A recent post by Liz Banse on the Climate Access blog explores the importance of considering any images we use when engaging with the public.
Base offers the example of climate change. The polar bear has been a major icon for bringing attention to global warming issues, but research indicates that climate activists should change their tactics:
"Iconic climate change visuals like stranded polar bears are ineffective for two reasons, explains climate image researcher Dr. Kate Manzo of the University of Auckland. The images 'make (climate change) seem far away in time and space, and are paradoxical in the way they heighten people's sense of the issue's importance while simultaneously making them feel less able to do anything about it.'"
And there's the addition that some people (especially those living close to them), consider polar bears a danger.

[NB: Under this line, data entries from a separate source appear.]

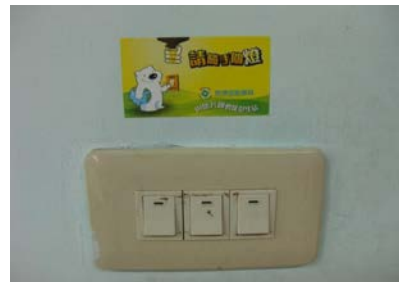
張貼節約能源標語(2)

備註：其他節約能源相關作法可參考「政府機關及學校節約能源行動計畫」( https://egov.ftis.org.tw/download?cno=2 )。
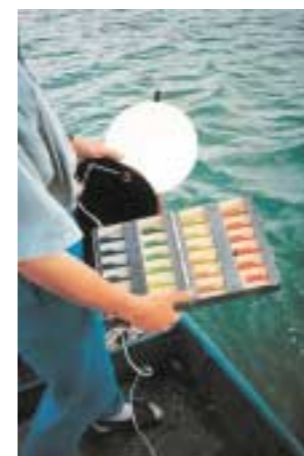
Regelmäßig wird die Wasserfarbe reproduzierbar und mit einer nach FOREL/ULE und durch BONITO erweiterten Farbstufenreihe auf einer weißen Secchi-Scheibe bestimmt.
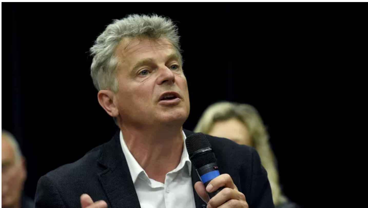
Fabien Roussel, candidat PCF à sa réélection dans le Nord.

Malgré leur alliance pour les législatives, le patron du Parti communiste entretient des relations exécrables avec le leader Insoumis. En cas de victoire, ce dernier n'a pas l'intention de le nommer au gouvernement.

Banse adds, "The wrong choice of a picture can turn someone off just as much, if not more, than the wrong choice of words. The most aesthetic picture is not always the most effective, just as the most intelligent-sounding word is not always the most effective."

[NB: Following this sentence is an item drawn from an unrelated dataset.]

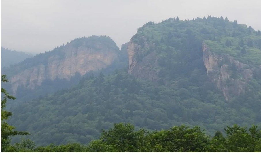
Fotoğraf 18. Baykuş Tepesi (İpek yolu dağın dibinden geçmektedir. Fotoğraf da karşısında yer alan Horoz Dağı'ndan çekilmiştir.)

She shares several tidbits from current research, including:
- The fact that we engage immediately with faces (those making direct eye contact), especially baby faces.

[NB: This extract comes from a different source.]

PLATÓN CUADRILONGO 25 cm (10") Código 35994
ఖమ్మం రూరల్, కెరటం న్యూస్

- Photos of distressing situations often cause us to pull back and focus on "self-preserving behavior," especially if the viewer feels there's nothing they can do to help.
- Showing a single victim that people can identify with works better than showing a crowd of victims.
1. Find ways to connect locally, so that problems don't seem "too far away."
2. Always pair "problem" images with images that are "positive, hopeful solutions-oriented images."
Read the complete post.
I saw several of these best practices in action when I attended a humane education workshop last weekend. The workshop facilitators were sharing how they teach about humane issues with elementary school students. When talking about animal cruelty, for example, they showed an age-appropriate photo of one abused dog, who was making eye contact with the viewer, and told her story. At the end of the story they showed an "after" picture of the dog to highlight her happy ending and talked about what we all can do to help more dogs have happy endings.
Research like Banse highlighted in her post reveals just how thoughtful we need to be in creating presentations, lesson plans, and other tools, and even in considering what we share on our social media sites. We need to think carefully about what words and images are going to inspire positive action, and avoid words and images that may have the opposite effect.